柳还青醒后做了个深呼吸,低头一看,意外与人四目相对。
恐怕又是没有意识的行为。
柳还青这回不急着出声,只是一动不动看着他,过了半晌,对方没有什么反应,那便是还没有清醒。
除了水和阳光,还需要什么才能让他醒来?
柳还青沉默思考着,眼睛却是盯着风不问一眨不眨,谁知就在下一秒,对方忽然微微皱眉,眸中同时流露出意外与疑惑。
柳还青顿时惊讶得提高了声量:“你醒了?”随即他发现缠绕着他的小花也不见了。
在他问话的同时,风不问径直撑着他的胸口坐了起来,茫然地望着四周,半晌后,他双唇轻启:“见鬼了......”
他记得自己明明在房间里,明明还布置了结界,然而醒来后却完全不一样——
所以现在这是哪里?
柳还青为什么会被自己压在身下?
自己昏迷的时候,究竟做了什么不该做的事?
一想到柳还青的记忆只停留在槐树林,对之后发生的事一概不知,两个人又以一种莫名的姿势出现在这里,自己又该怎么同他解释发生的一切。
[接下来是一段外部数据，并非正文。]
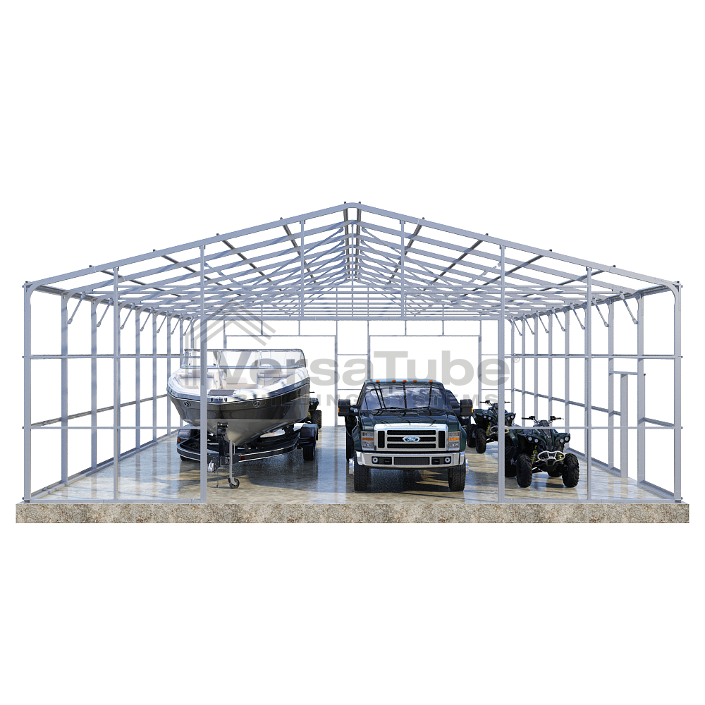 Additional interior truss bracing and 26 gauge sheet metal are available options if you are building in a higher snow load and/or wind load area and local code requirements must be achieved. Call a VersaTube Product Specialist 1-800-810-2993 with your load requirements and questions.

风不问呆坐原地,停住了思考,三百年来他还是头一回这般茫然无措。
柳还青见他像失忆的模样,想看他有没有忘记之前的事,于是问道:“此地不是碎星城,我记得咱们先前在槐树林,所以是你把我带出来的?”
风不问没有看他的眼睛,紧了紧嗓子:“是又如何。”
柳还青道:“你废了我,又为何把我带走?”
他们两个本就没什么瓜葛,明明只要扔在那儿就可以了。
风不问大脑飞速旋转,很快想到了理由,于是无甚表情道:“自然是因为有趣。”
“玉容霜亲眼看着我废了你后发出的那道叫喊声,我听着很是舒适,若是把你带去玉玄宗叫明渊他们看看,指不定还有会更有趣的画面。”
柳还青看着他嘴硬,假装没看穿道:“那你又为何伤成这样?”
风不问佯装被惹怒,冷笑道:“路上遇着个拦路的药宗,不知用的什么偷袭了我,后来发生了什么我也不清楚。你呢,你为何又在这?”
柳还青顺着他的话道:“我被医治好了。”
“哦,药宗弟子,不足为奇。”风不问理所当然点头。
柳还青却没打算放过他,继续道:“我醒来后在客栈的房间里,你的房间布了层结界。药宗弟子救我尚可解释,又为何将你也带过来?”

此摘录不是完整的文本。